Without any pictures, print exactly the lines that run from the start of the data through the line containing "A line chart".

START Records for this task

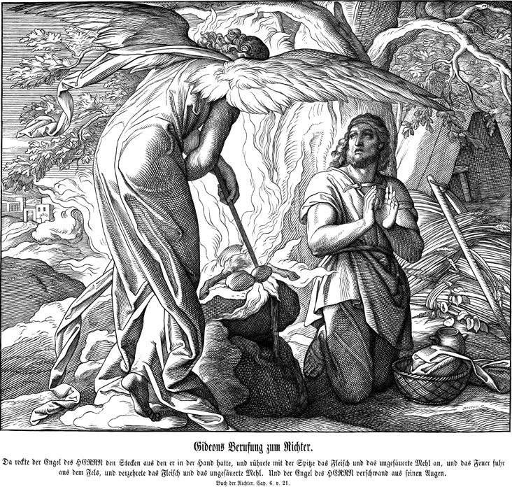Description: Julius Schnorr von Carolsfeld's (1794-1872) depiction of an angel of God igniting Gideon's sacrifice with his staff during his commissioning.
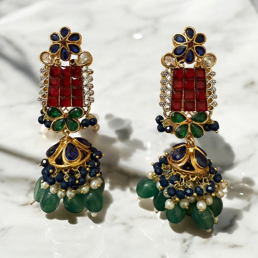 Experience the beauty of nature with our Jungle Mala. Hand-crafted with sapphires, rubies, emeralds, and golden balls, this mala connects you to the earth's energy. Complete your look with the included earrings. Perfect for nature lovers and spiritual seekers.
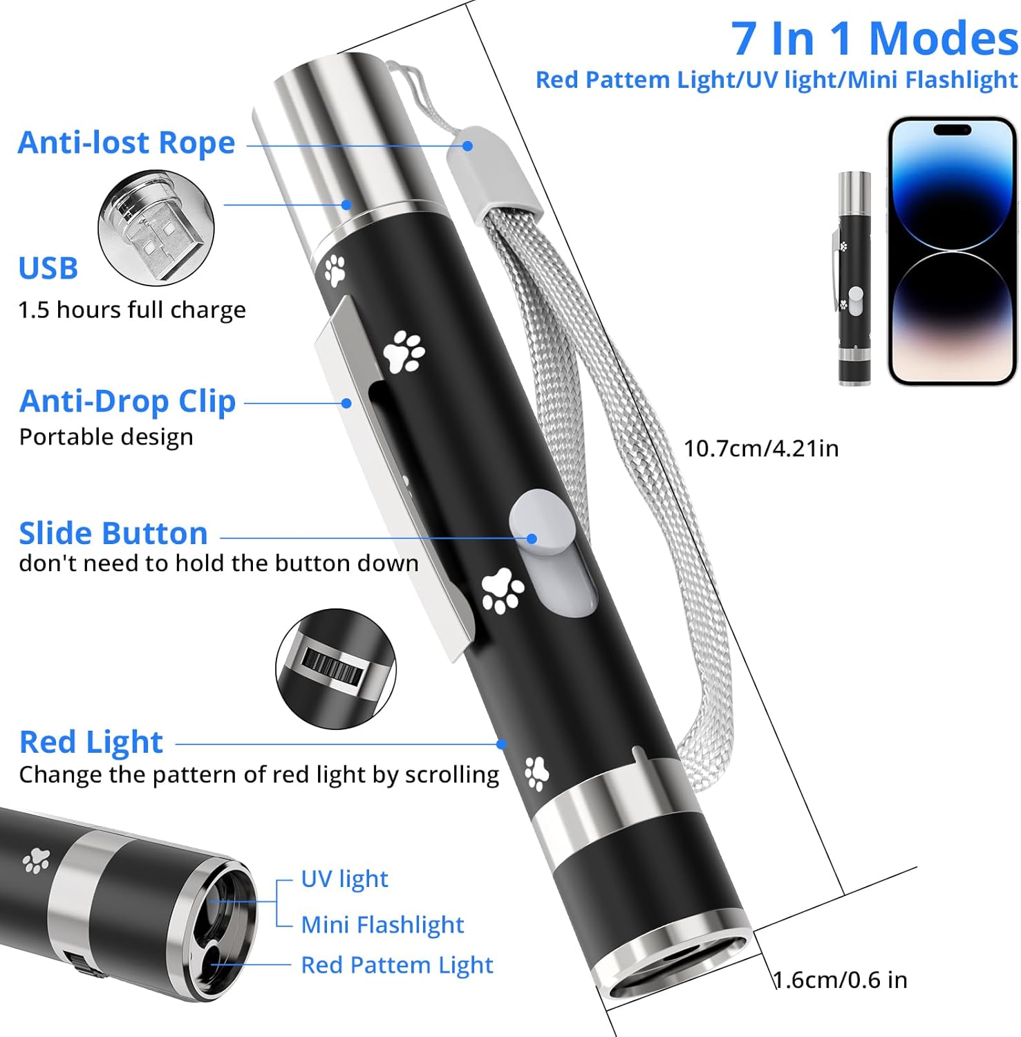 • 【Versatile Functionality】This cat wand toy is more than just a pet accessory. It doubles as a presentation pointer with a bright beam for clear visibility. Easily activate it with a single push—no need to hold the button continuously. It also features a glow-in-the-dark light mode and a purple mode for detecting counterfeit money.
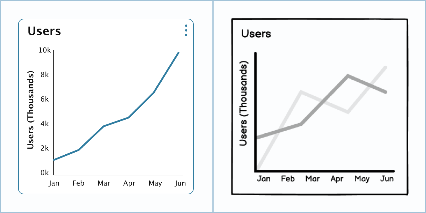 A line chart is used to measure the growth or decline of a specific variable over time. Line charts are often used in financial services or investment platforms to show users how much their investments have grown over time.
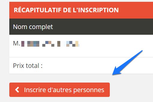 Depuis l’écran récapitulatif d’inscription d’une formule publique, il est possible de lier des inscriptions entre elles (cas par exemple d’un frère et d’une sœur, d’amis d’un même groupe d’aumônerie, d’époux…) en cliquant sur « inscrire d’autres personnes ».
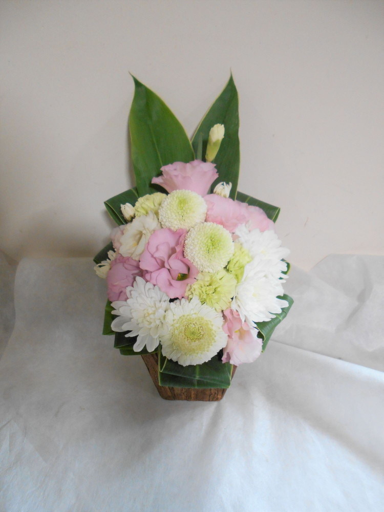 お悔やみ お供えの花 供花 (淡いピンク系のお花でまとめたバスケットアレンジ)

END Records for this task

Response below:
Description: Julius Schnorr von Carolsfeld's (1794-1872) depiction of an angel of God igniting Gideon's sacrifice with his staff during his commissioning.
 Experience the beauty of nature with our Jungle Mala. Hand-crafted with sapphires, rubies, emeralds, and golden balls, this mala connects you to the earth's energy. Complete your look with the included earrings. Perfect for nature lovers and spiritual seekers.
 • 【Versatile Functionality】This cat wand toy is more than just a pet accessory. It doubles as a presentation pointer with a bright beam for clear visibility. Easily activate it with a single push—no need to hold the button continuously. It also features a glow-in-the-dark light mode and a purple mode for detecting counterfeit money.
 A line chart is used to measure the growth or decline of a specific variable over time. Line charts are often used in financial services or investment platforms to show users how much their investments have grown over time.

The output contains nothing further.